# A Problem

elopawn
Posers and Puzzles 23 Apr '05 03:27
1. 23 Apr '05 03:27
Find a number divisible by 41 whose digits are all nines. Without doing the division find the remainder when
90 000 800 007 000 060 000 500 004 000 030 000 200 001 is divided by 41.
2. 25 Apr '05 05:38
Originally posted by elopawn
Find a number divisible by 41 whose digits are all nines. Without doing the division find the remainder when
90 000 800 007 000 060 000 500 004 000 030 000 200 001 is divided by 41.
oh no..i have only ten fingers
3. 25 Apr '05 07:032 edits
ðŸ˜µðŸ˜µðŸ˜µðŸ˜µ

i think i got it
4. 25 Apr '05 12:161 edit
Originally posted by Jusuh
oh no..i have only ten fingers
Need a clue?

Think about dividing 100, 1000, 10000, 100000 by 41 and the remainders of them. Eg they are 18, 16, 37 and 1.

How does this relate to the question?
5. 25 Apr '05 17:57
Originally posted by elopawn
Find a number divisible by 41 whose digits are all nines. .
FLT

6. 25 Apr '05 21:35
oh, i got a headache.ðŸ™„
7. 26 Apr '05 05:24
9999999999
243902439
8. 26 Apr '05 07:55
Originally posted by THUDandBLUNDER
FLT

What's FLT stand for?

Anyway I'll post the answer if no one gets it in a day.
9. 26 Apr '05 09:522 edits
Originally posted by elopawn
What's FLT stand for?
Fermat's Little Theorem:

http://mathworld.wolfram.com/FermatsLittleTheorem.html
10. 26 Apr '05 10:311 edit
Fermat's Little Throrem?
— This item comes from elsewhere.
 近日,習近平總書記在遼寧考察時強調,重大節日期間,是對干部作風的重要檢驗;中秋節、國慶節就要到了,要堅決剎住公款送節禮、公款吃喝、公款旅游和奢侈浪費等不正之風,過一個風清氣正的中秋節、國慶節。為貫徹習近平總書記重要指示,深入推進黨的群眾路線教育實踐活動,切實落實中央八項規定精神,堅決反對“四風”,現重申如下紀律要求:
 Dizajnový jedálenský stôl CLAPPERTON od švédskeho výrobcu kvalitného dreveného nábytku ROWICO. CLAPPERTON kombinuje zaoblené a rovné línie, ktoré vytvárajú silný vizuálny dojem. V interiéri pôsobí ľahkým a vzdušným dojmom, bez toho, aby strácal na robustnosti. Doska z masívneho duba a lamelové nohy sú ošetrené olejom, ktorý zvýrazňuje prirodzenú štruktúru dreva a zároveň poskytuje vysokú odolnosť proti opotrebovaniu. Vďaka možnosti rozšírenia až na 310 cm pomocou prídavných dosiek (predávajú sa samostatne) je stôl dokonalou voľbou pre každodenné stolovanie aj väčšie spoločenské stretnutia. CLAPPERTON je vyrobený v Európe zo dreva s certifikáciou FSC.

The problem does not relate to it.
I'll post the answer now if you want it, it actually after you see it is rather simple.
11. 26 Apr '05 10:401 edit
Ok so we know after dividing bu 100, 1000, 10000, 100000 by 41 we get-- 18, 16, 37, 1

Thus 99999 is divisible by 41.

Let x=90 000 800 007 000 060 000 500 004 000 030 000 200 001

=9* 10power40 + 8* 10power35 +7* 10power30 + 6* 10power25 + 5* 10power20 + 4* 10power15 + 3* 10power10 + 2* 10power5 + 1

From the above, 10power5 leaves a remainder of 1 when divided by 41.
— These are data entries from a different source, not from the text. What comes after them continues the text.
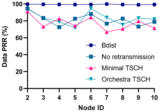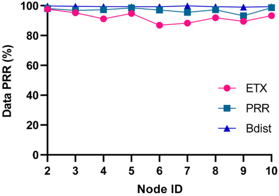 Figure 8 shows the data PRR of each sensor node at the sink. From Figure 8, the network performance of the proposed Bdist metric had the highest reliability compared with the other network schemes. Almost all sensor nodes achieved the target PRR by using the number of transmissions calculated with our method. Other network schemes showed lower performance since they did not consider the retransmissions.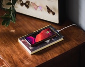 Les livres utilisés pour les chargeurs sont utilisés et parfois ils montrent plus que d’autres. Beaucoup de livres sont vintage, alors attendez-vous à des signes d’usure et d’âge (c’est ce qui les rend uniques et ajoute au look de toute façon, n’est-ce pas?). Le livre ressemblera à un livre, à l’exception d’un petit trou dans l’extrémité de la page pour le câble USB des chargeurs. Il n’y a pas de colle visible extérieure ou de marques de coupe car le livre a été collé de l’intérieur.
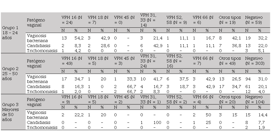 En el grupo 3, debido al reducido número de pacientes de la muestra, no se puede objetivar la relación entre VB, candidiasis y los diferentes tipos de VPH-ar. En nuestra casuística, encontramos una prevalencia baja de trichomoniasis (menos del 4%), por lo que no podría estar relacionada con ningún tipo de VPH-ar en particular. Esta baja prevalencia se debe a que se estudiaron poblaciones tanto sintomáticas como asintomáticas. Abdul Aziz et al.37 informaron hallazgos similares y describieron una prevalencia de trichomoniasis del 0,9%. En cambio, Kamara et al.39 informaron una prevalencia de trichomoniasis del 18%. Estas disparidades en la prevalencia podrían deberse a condiciones socioeconómicas distintas y a diferencias étnicas.
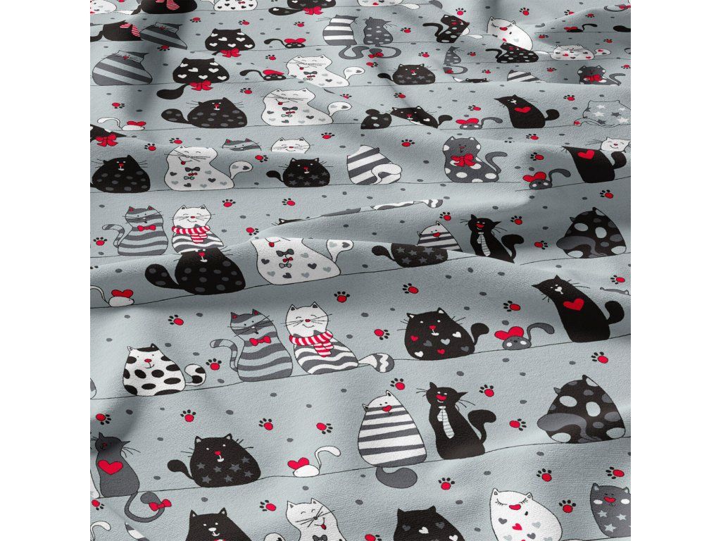 Bavlněná látka, metráž. Crazy cat na Šedém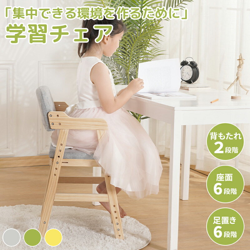 【成長に合わせて高さを調節できる学習チェア】サイズ:幅46×奥行44×高さ78cm / 座板高:約36~52cm / 足置き板高:約10~22cm (木商品につき多少サイズに誤差が生じます。)座面と足置きの段階調節機能が正しい姿勢をサポートし、集中力が続きます。ダイニングの食事兼リビング学習椅子にぴったりのキッズチェアです。大人のダイニングチェアと並べて置いても違和感がないシンプルなデザイン。 【高さ調整可能】座面6段階高さ調節。身長や体形などに合わせて、快適で使いやすい高さでお使いいただけます。足置き6段階高さ調節。地面に足がつかなくて、ブラブラさせたり姿勢が悪くならないように、足をしっかりと支えます。 【高品質のクッション】クッションの外は肌にやさしいテクノファブリックスの材質で、とても快適で通気性がよく、ファスナー式なので、汚れても洗えます。座布団の中は弾力性のあるスポンジで、硬くて適度で、長く座っても凹みにくいです。 【シンプルな設計】全ての角を丸く加工しているので、手触りも優しく、万一ぶつかっても安心です。耐荷重も約100kgと大人も腰掛けられる耐久性です。材料はラバーウッドを採用し、荷重力が強く、安定して揺れにくく、お手入れは簡単で、干し布を拭くだけできれいになります。耐久の木の構造だから、堅牢で持続可能です。 【お客様にて組み立て】※こちらの商品はお客様組み立て品となります。※商品は、モニターによって色合いが異なって見える場合があります。 ※組立方によっては、完成した商品サイズに多少の誤差が発生する場合がございます。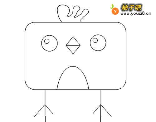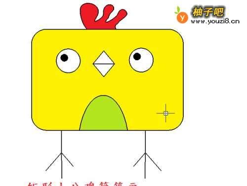 6然后用直线工具画小公鸡的脚,这样小公鸡的矩形简笔画就完成了,如图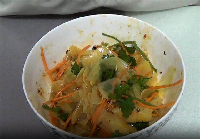 3.捞出后立刻放入冷水中,控干水分的土豆片加入香菜段和胡萝卜,再把葱蒜末放进去,然后加少量的糖,适量的盐,少量味精,少量的香油,然后加入多一点的辣椒油,一勺素蚝油,最后加一勺白醋,然后用筷子拌匀。(www.ws46.coM)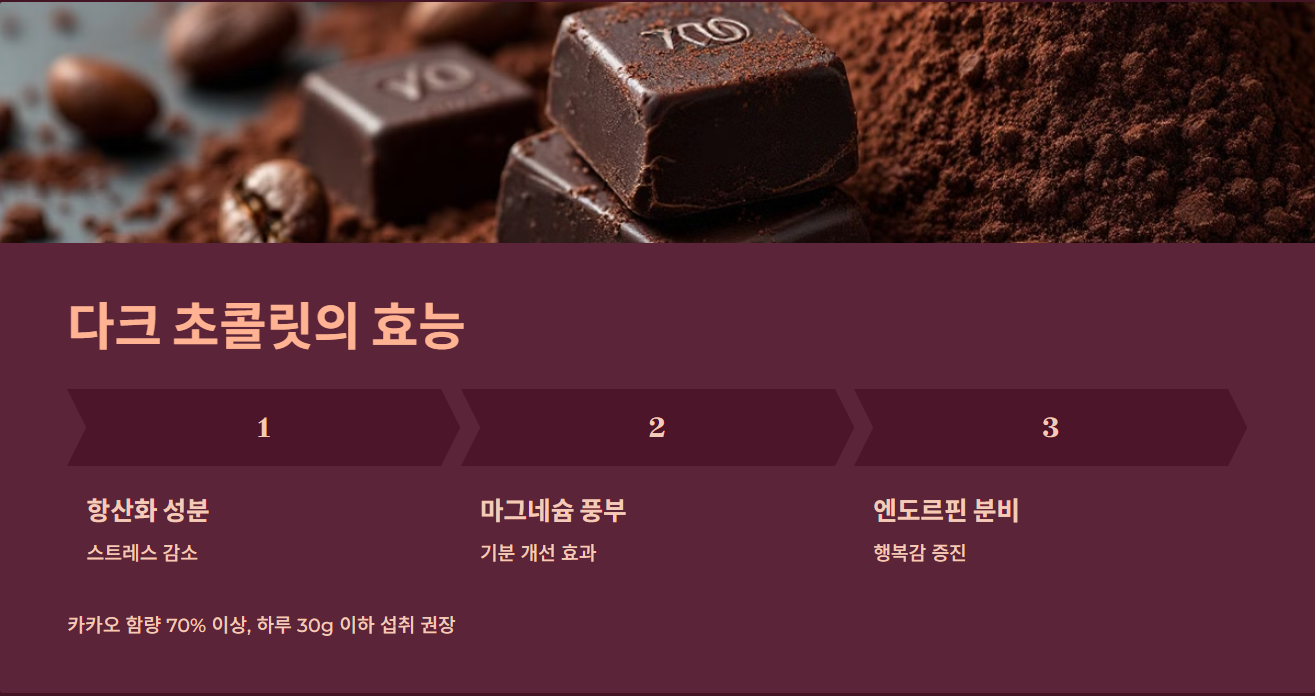 다크 초콜릿에는 항산화 성분과 마그네슘이 풍부하여 스트레스를 줄이고 기분을 개선하는 효과가 있습니다. 또한 엔도르핀 분비를 촉진하여 행복감을 느끼는 데 도움을 줄 수 있습니다. 다만, 당 함량이 높은 초콜릿은 피하는 것이 좋으며, 카카오 함량이 70% 이상인 다크 초콜릿을 하루 30g 이하로 섭취하는 것이 적절합니다.

Thus the remainders of each term of the sum are 9,8,7,6,5,4,3,2,1 !!

The sum of the remainders is 45 and so the remainder when x is divided by 41 is 4 !!

12. 26 Apr '05 11:462 edits
Originally posted by phgao
Fermat's Little Throrem? The problem does not relate to it.
a^(p-1) - 1 = 0 (mod p) where a is a positive integer and p is a prime.
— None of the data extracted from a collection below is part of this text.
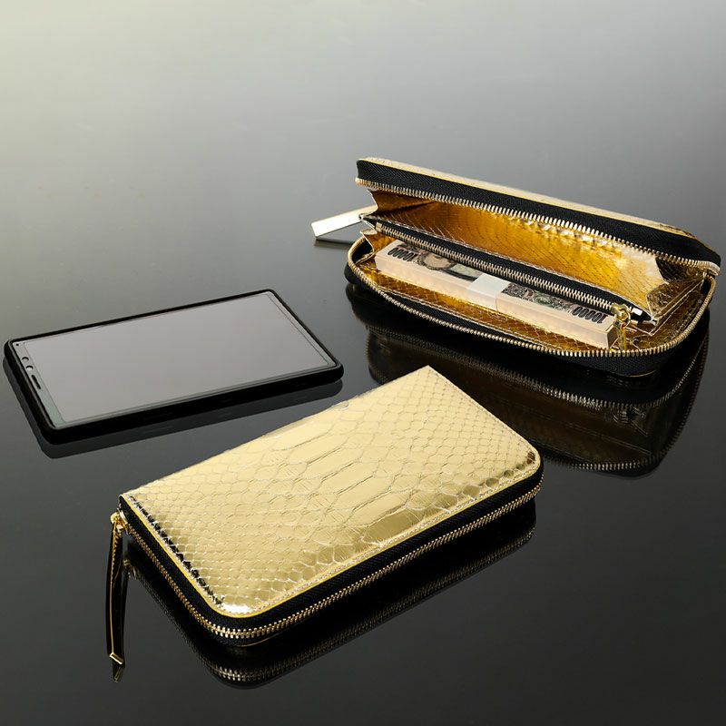 上質なクロコダイルとゴールドパイソンを使った究極の開運財布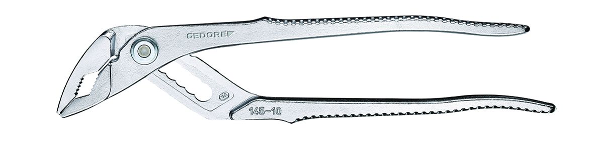 • Acc. to DIN ISO 8976 Form A • Lay-on slip joint and toothed recess • Induction-rehardened serrated faces, with finger protection • Clamps automatically on pipes and nuts • GEDORE special chrome-vanadium steel, chrome-plated • Model C = handles cross-hatched • Model JC = with 2-component handles • 145 10 = 7 settings, with extra narrow jaws • 145 15 = 9 settings • 145 20 = 11 settings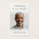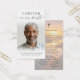 Keep the memory of a loved one close with this custom personalized prayer card featuring one cherished photo, the sentiment FOREVER IN OUR HEARTS, name and dates on the front and an editable poem or your remembrance message, meaningful quote or bible verse accented with a simple cross overlaid on a muted photo of a beach with footprints at sunset you may keep or replace with an image representative of your dearly departed. The sample shows the poem "Footprints in the Sand." With its simple yet elegant classic design and elegant script typography, it makes a meaningful keepsake to share at a funeral, memorial service or Celebration of Life and offers comfort and a lasting tribute for family and friends. Its small and portable size of 3.5x2" (wallet-sized) makes it convenient for loved ones to carry it with them as a reminder of your loved one’s life and spirit. Personalization makes each card unique.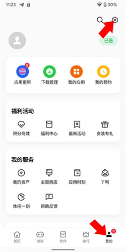 1、在软件商店首页右下角点击“我的”,进入个人页面后,点击右上角的设置图标;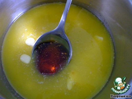 Добавить в растаявшее масло 2 столовые ложки сиропа, перемешать и снять с огня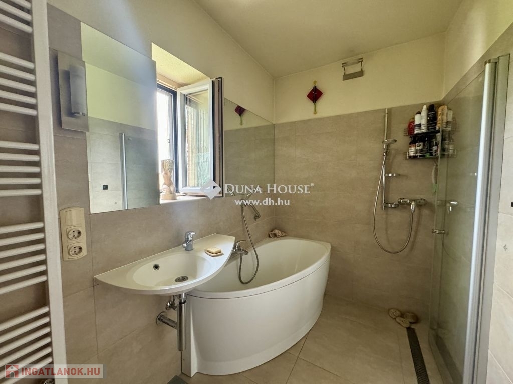 Földszinti lakás: 3 rétegű Internorm fa ablakok kerültek beépítésre, amelyek kívül alumínium borításúak, illetve található rajtuk szúnyogháló és redőny (a konyhai ablak redőny nélküli). A párkány kívül márvány, belül fa. Felszerelésre került egy klíma és egy légcserélő is. Riasztóval felszerelt, a bejárati ajtó acélból készült. A fürdőszobában a csempe alatt fűtésszálak is találhatók. A fürdőszobában megtalálható fürdőkád és épített zuhanyzó is.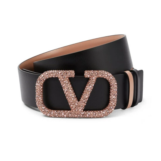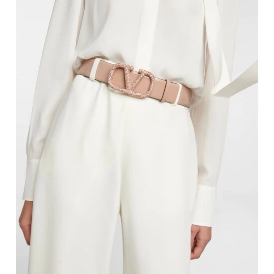 Add a glamorous touch to your ensembles with Valentino Garavani’s VLogo Signature belt. Made from calf leather, it reverses from black to rose and is accented with a VLogo buckle that’s dusted with Swarovski crystals.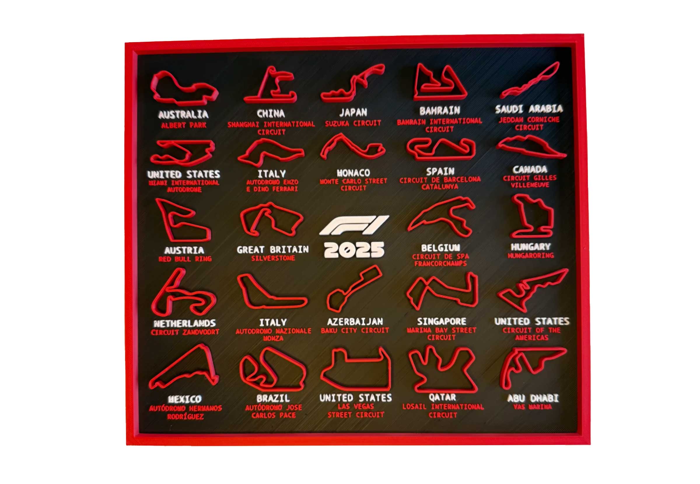 Keep pace with every Grand Prix in style with this stunning 2025 Formula 1 calendar, 3D printed with incredible detail. Each race is marked with its track layout and location, making it not just a calendar, but a display-worthy piece of F1 art.

In your problem, a = 10 and p = 41

Therefore the number 10^40 - 1 is divisble by 41

As you didn't ask for the smallest such number, this answers your first question rather more quickly than your trial-and-error method.
13. 26 Apr '05 13:19
Originally posted by THUDandBLUNDER
a^(p-1) - 1 = 0 (mod p) where a is a positive integer and p is a prime.

In your problem, a = 10 and p = 41

Therefore the number 10^40 - 1 is divisble by 41

As you didn't ask for the smallest such number, this answers your first question rather more quickly than your trial-and-error method.
Oh thanks for that insight T&B! I appreciate it.
14. 26 Apr '05 15:42
Originally posted by phgao
Oh thanks for that insight T&B! I appreciate it.
Sorry, I thought I was replying to the original poster (elopawn).